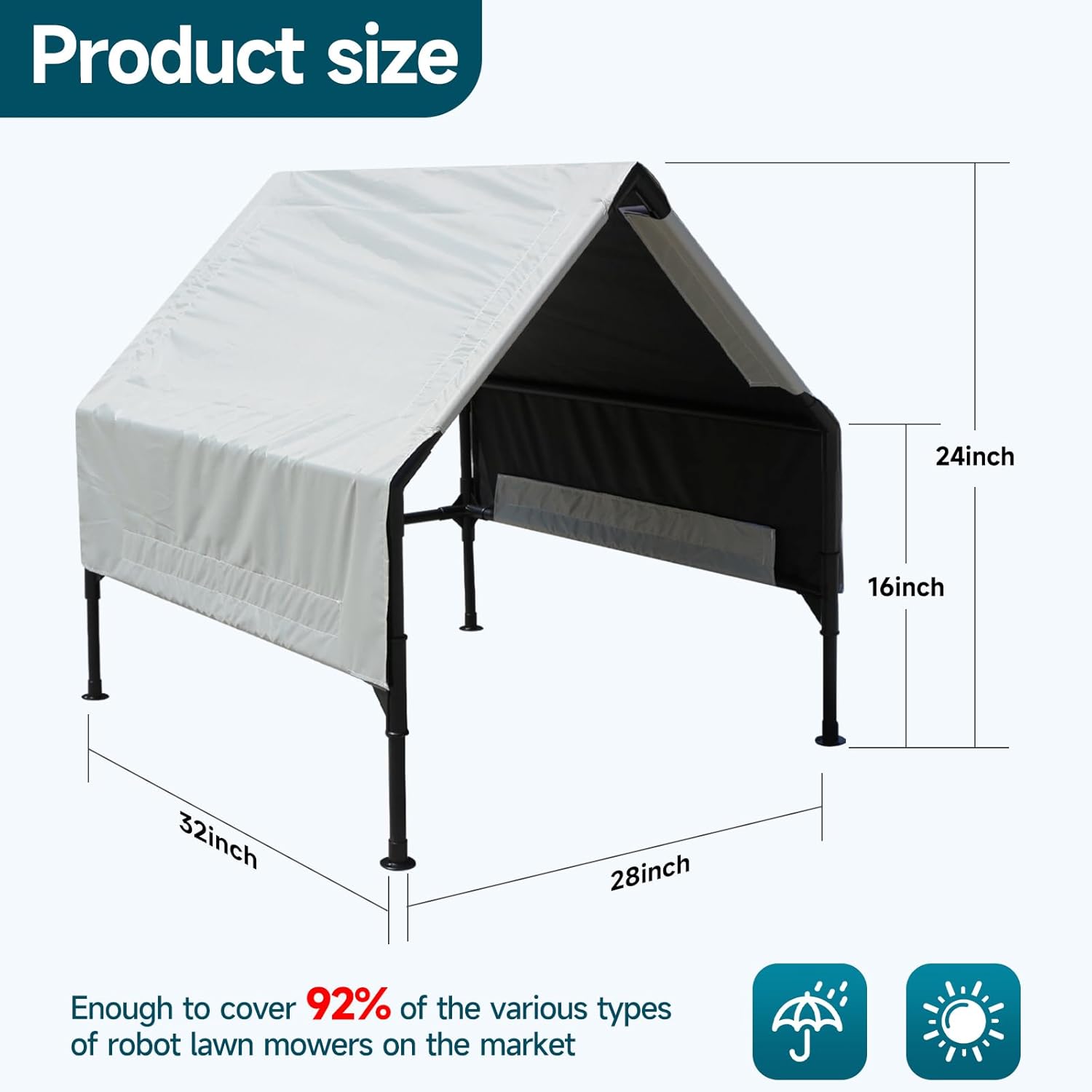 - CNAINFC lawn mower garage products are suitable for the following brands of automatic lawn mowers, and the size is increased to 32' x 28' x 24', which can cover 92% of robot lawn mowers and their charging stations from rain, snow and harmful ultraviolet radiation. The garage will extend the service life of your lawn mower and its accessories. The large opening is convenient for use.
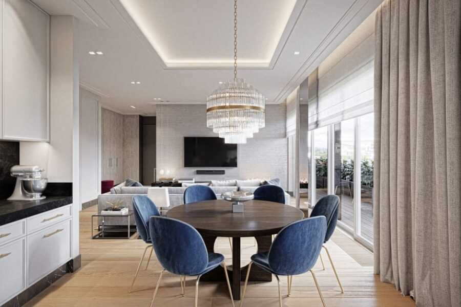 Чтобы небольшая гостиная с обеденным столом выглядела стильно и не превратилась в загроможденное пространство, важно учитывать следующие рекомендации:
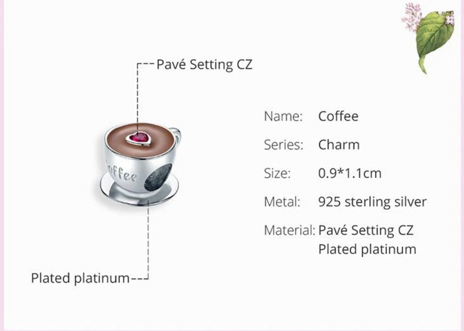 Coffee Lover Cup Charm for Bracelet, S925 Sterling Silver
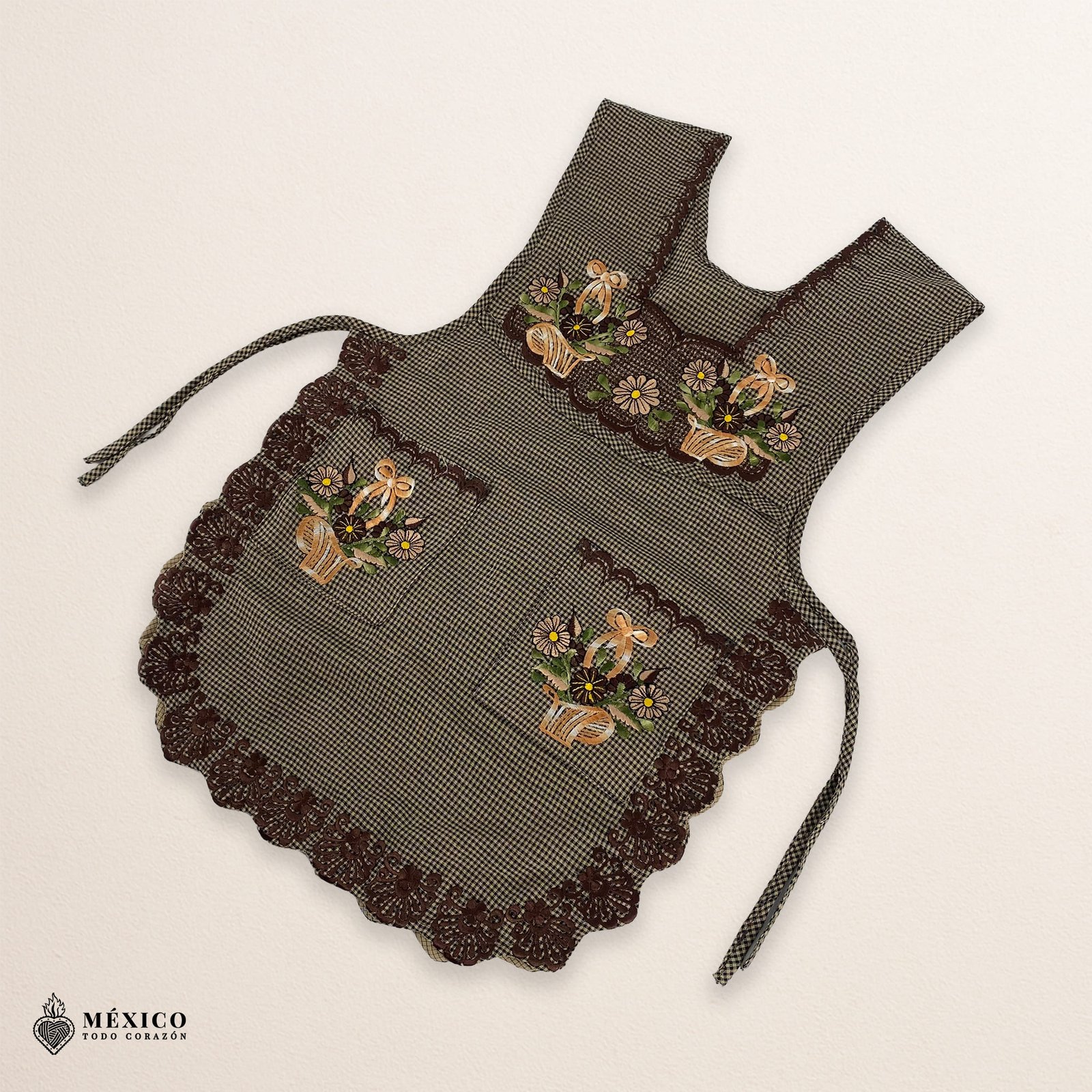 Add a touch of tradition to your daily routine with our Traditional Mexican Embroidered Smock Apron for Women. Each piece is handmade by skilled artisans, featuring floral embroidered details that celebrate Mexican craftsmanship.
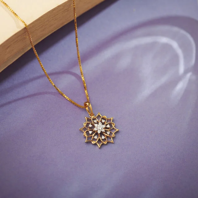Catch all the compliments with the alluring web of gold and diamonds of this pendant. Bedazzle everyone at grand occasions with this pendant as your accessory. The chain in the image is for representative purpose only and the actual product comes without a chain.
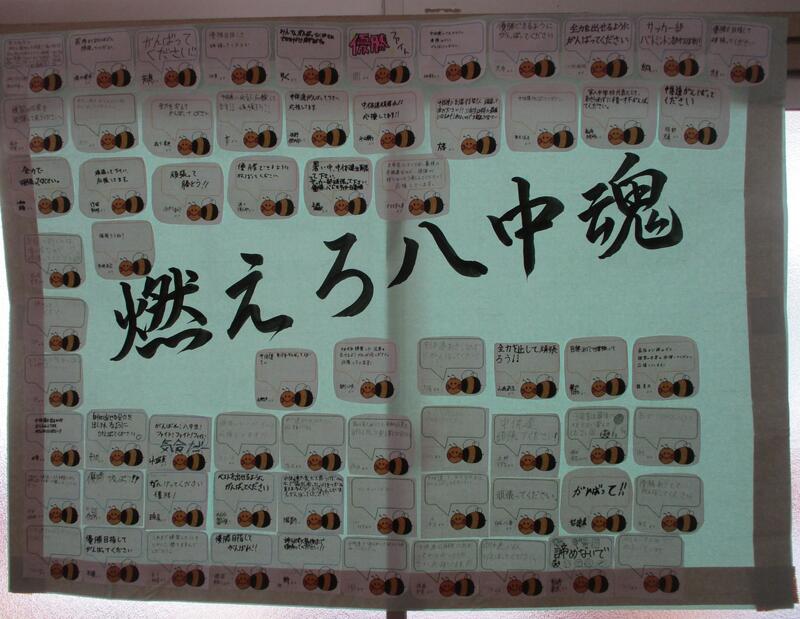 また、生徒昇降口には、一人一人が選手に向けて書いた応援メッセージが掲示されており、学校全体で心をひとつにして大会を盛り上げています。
-- -- --
*TASK REQUIREMENTS*:
Each line of the material above should be set down exactly, with no pictures.

*RESPONSE BOX*:
 - CNAINFC lawn mower garage products are suitable for the following brands of automatic lawn mowers, and the size is increased to 32' x 28' x 24', which can cover 92% of robot lawn mowers and their charging stations from rain, snow and harmful ultraviolet radiation. The garage will extend the service life of your lawn mower and its accessories. The large opening is convenient for use.
 Чтобы небольшая гостиная с обеденным столом выглядела стильно и не превратилась в загроможденное пространство, важно учитывать следующие рекомендации:
 Coffee Lover Cup Charm for Bracelet, S925 Sterling Silver
 Add a touch of tradition to your daily routine with our Traditional Mexican Embroidered Smock Apron for Women. Each piece is handmade by skilled artisans, featuring floral embroidered details that celebrate Mexican craftsmanship.
Catch all the compliments with the alluring web of gold and diamonds of this pendant. Bedazzle everyone at grand occasions with this pendant as your accessory. The chain in the image is for representative purpose only and the actual product comes without a chain.
 また、生徒昇降口には、一人一人が選手に向けて書いた応援メッセージが掲示されており、学校全体で心をひとつにして大会を盛り上げています。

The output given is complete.